The Witness Data adds 107 bytes (107 WU).

### Locktime

The locktime for this transaction is `2b550900` (611,627 in little-endian) and is used as the Block height at which this transaction's outputs can be spent. This adds 4 bytes (16 WU).

In total, this transaction is 565 WU. Converting to vB, that's 142 vB. With an Input Value of 0.02118172 BTC and a combined Output value of 0.02047172 BTC, the transaction fee is 0.00071 BTC (71,000 satoshi). The feerate of this transaction is 500 sat/vB. (also extremely high!)

## Estimating Fees

With this knowledge, how does a wallet know how much to use as a fee given a feerate? It's quite simple. See this answer for information on how a wallet handles this information given different address types. Your wallet estimates how much satoshi to set aside as fee based on the inputs, outputs, address types, and desired feerate before signing the transaction.

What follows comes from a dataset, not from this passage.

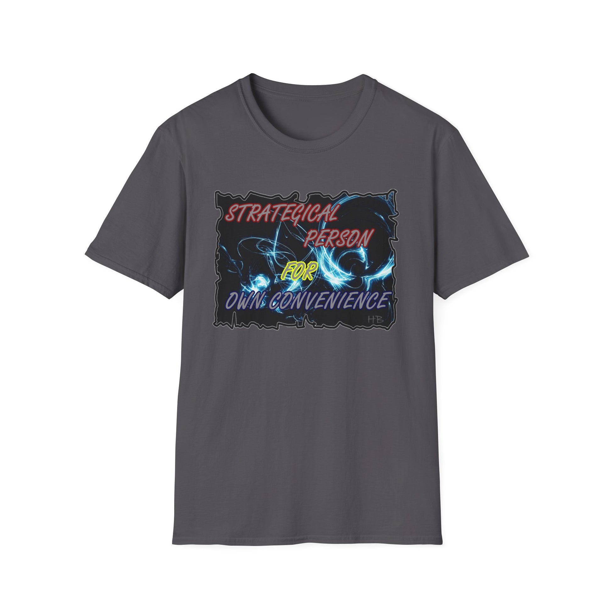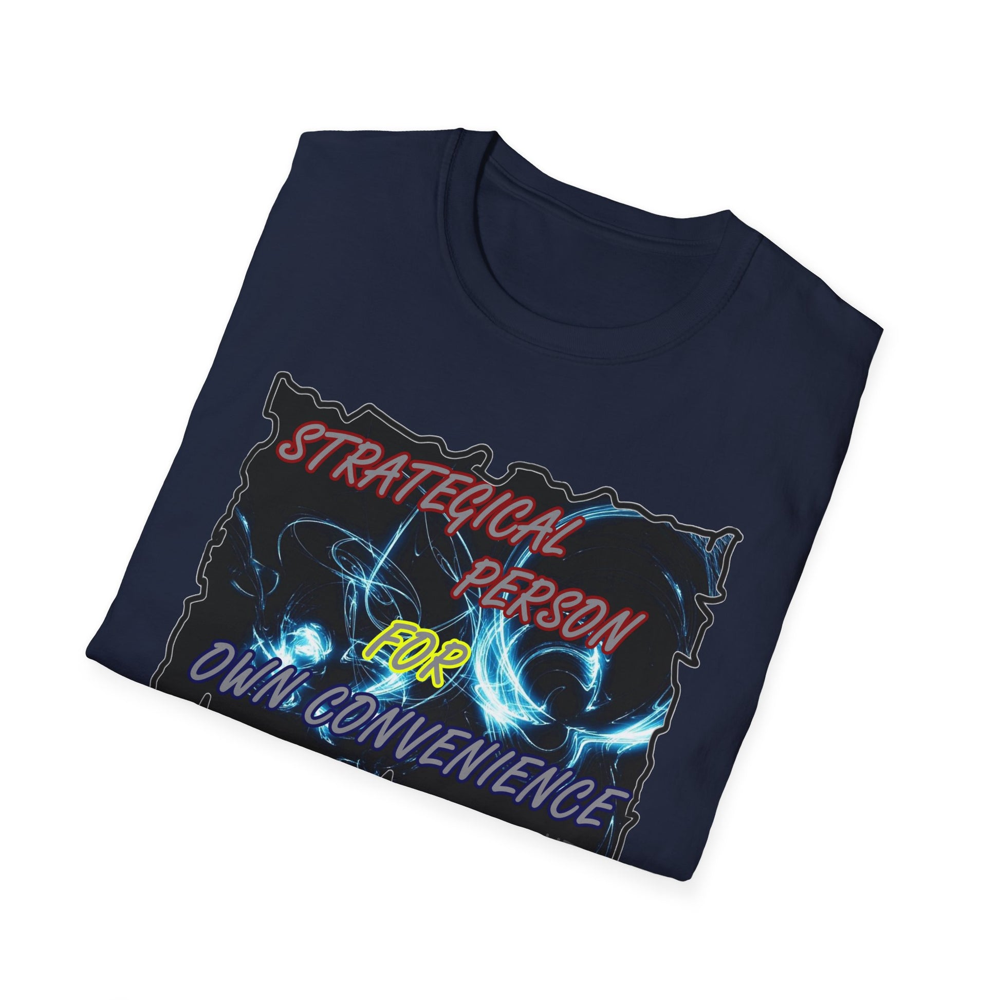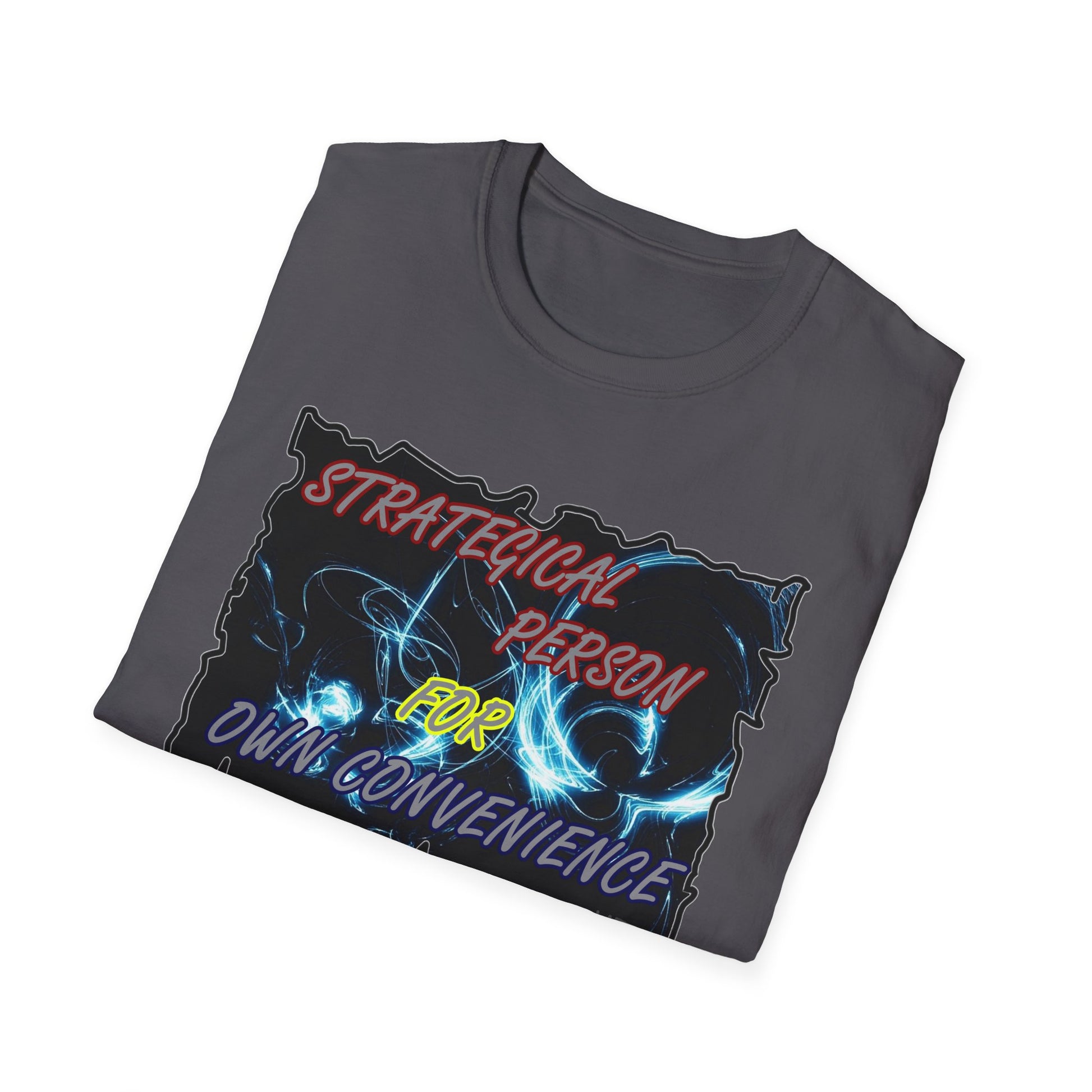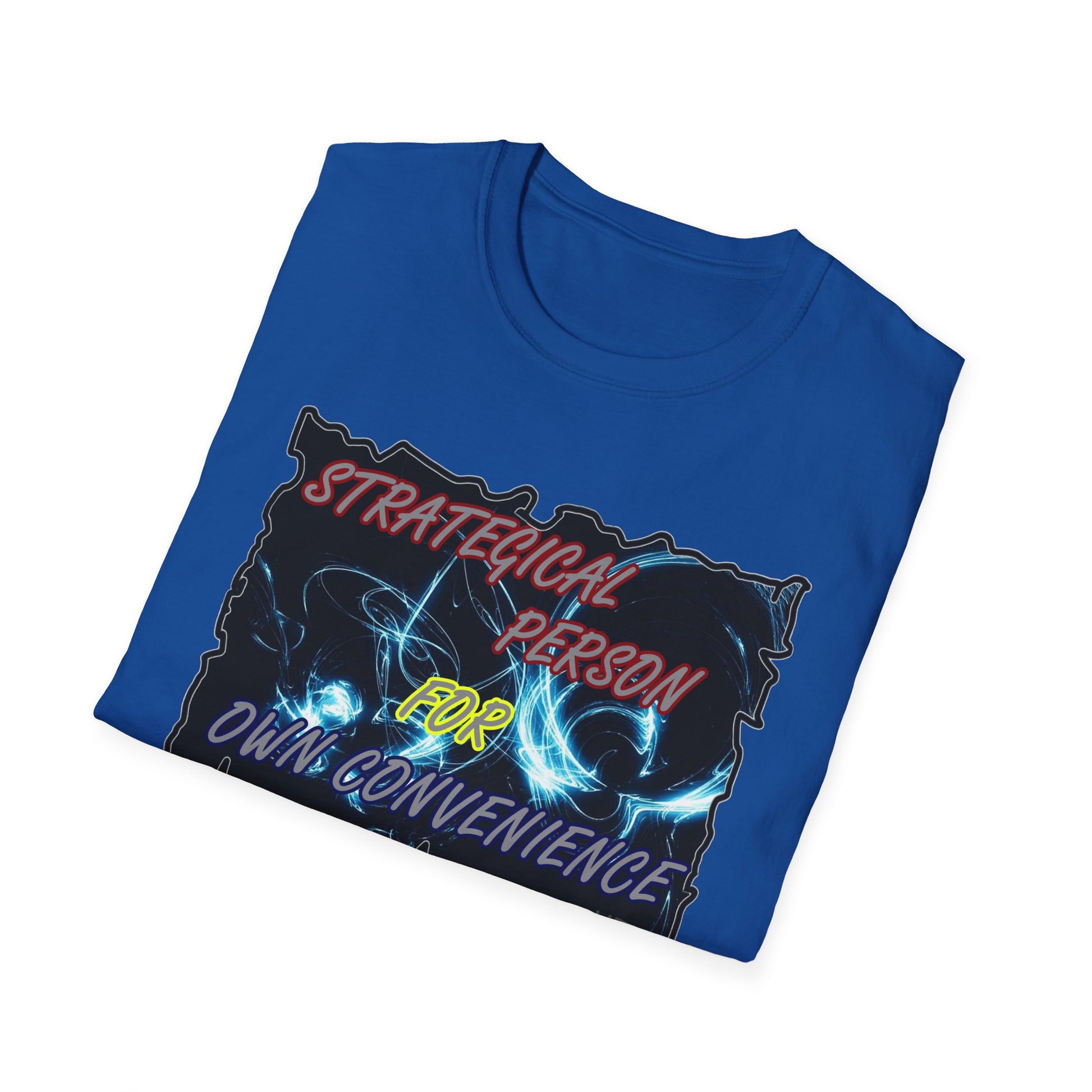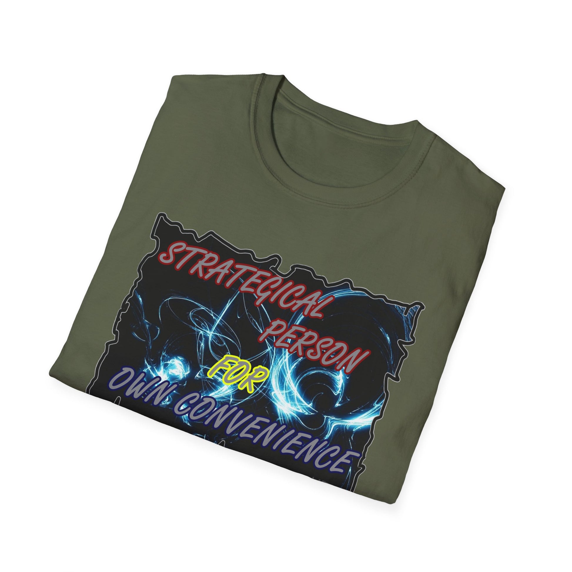 Introducing our latest addition to the clothing collection - the "Strategical person for own convenience" tee shirt. Crafted with premium quality fabric, this tee shirt boasts a comfortable and breathable fit that's perfect for any casual occasion.

As for how wallets create transactions with the lowest fee possible, and how fee estimation algorithms that look at the current mempool work, they are wallet-dependent.

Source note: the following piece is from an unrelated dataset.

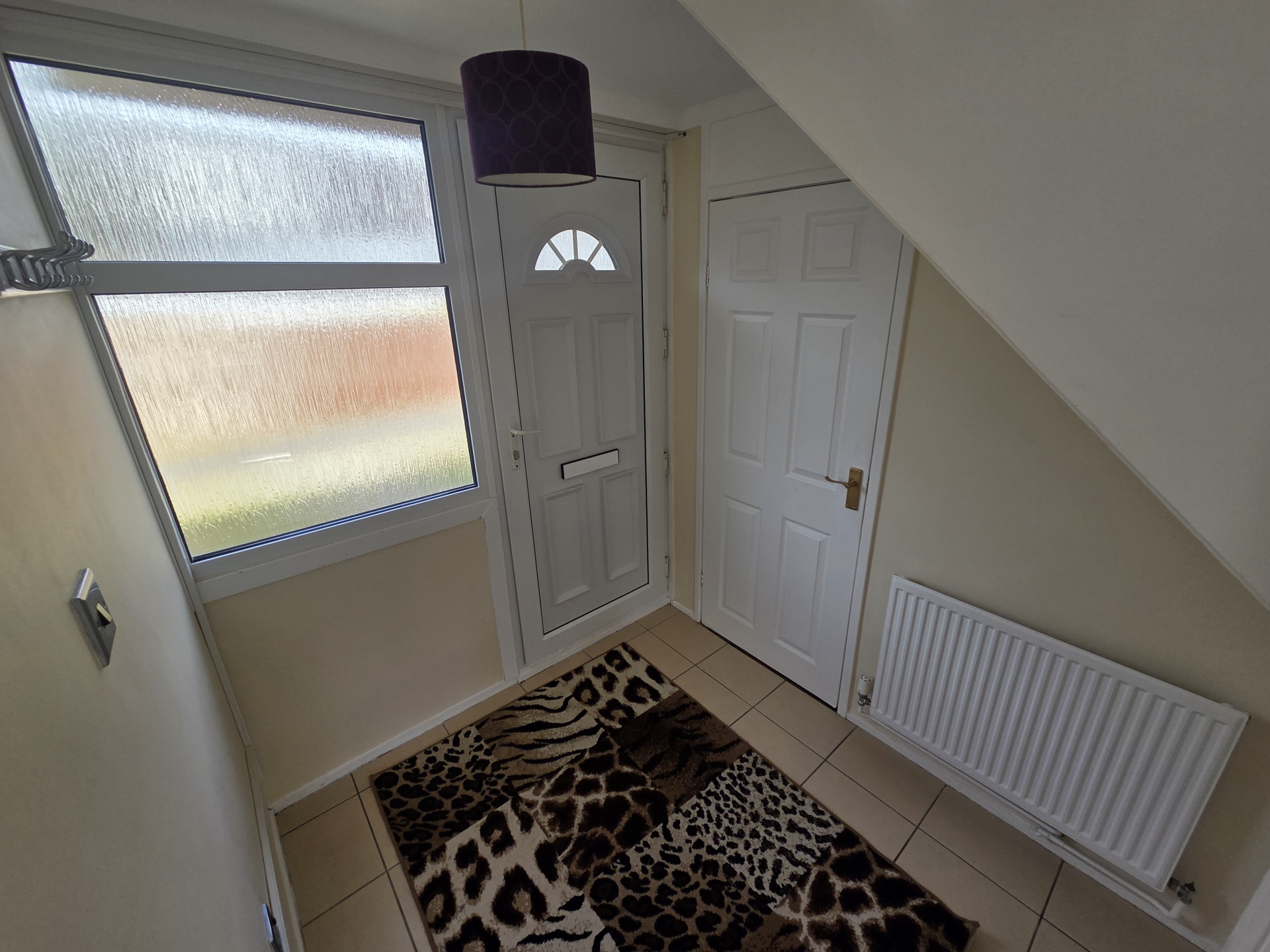 uPVC double glazed entrance door. uPVC double glazed obscure window to front elevation. Tiled flooring. Access to kitchen, WC and small storage cupboard. Radiator.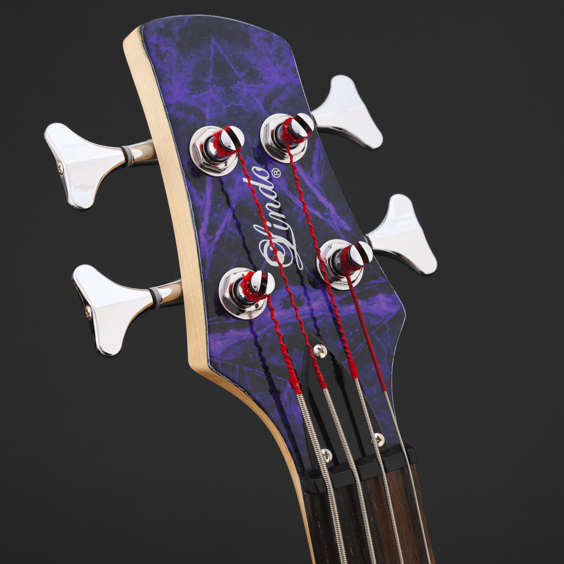 The Lindo PDB Short V2 features a body-matched headstock that gives the instrument a cohesive look and vibe. The headstock boasts chrome 19:1 tuning pegs perfectly matching the chrome bridge, providing a sleek and polished appearance. These tuners are not only easy to use but also solid and stable, giving the player maximum confidence that the bass is in tune and ready to play without any worry.

• Just wowed by this answer, it is precisely what I was looking for! Commented Jan 7, 2020 at 5:32
• This is great! Three small nits: On the description of inputs `Script Length (1 byte typically)`, you could clarify by writing `Script Length (VarInt, 1 byte for numbers up to 252)`. Realizing that the VarInt limit is exceeded in many 2-of-3 p2sh inputs was a big lightbulb moment for me once. Secondly, I think it would be good to put a header when you switch to talk about segwit, it sneaks in a bit. Lastly, it's a bit weird that you link to blockcypher, because blockcypher actually doesn't correctly show the correct transaction size for segwit transactions, it shows the stripped size.
– Murch
Commented Jan 8, 2020 at 18:58
• @Murch I will edit the answer to include your changes, thank you for the suggestions! I use blockcypher as the links since they have an "API Call" button to show the raw transaction, but since the raw transactions are already present in the answer I'll switch them to blockstream.info references instead. Commented Jan 8, 2020 at 21:03
• @pxr_64 Blockstream does not show the bytes representing the number of Data Pushes (02), nor the individual byte length VarInt bytes representing the length of each data push (47 and 21). They are only showing the bytes of the actual data value(s) being pushed. Commented Jul 13, 2023 at 23:24

Depending on the type of transaction, inputs, outputs and other factors..add them all up here is a link to bitcoin docs giving byte size for everything https://en.bitcoin.it/wiki/Protocol_documentation#tx

Similarly to how a browser decodes a bunch of text, which is arranged in accordance with a certain protocol (html), and creates a nice interface you can view (provided it has all the right pieces, so starts with , has all matching <> for tags, etc, otherwise your browser displays an error or a garbage page) ...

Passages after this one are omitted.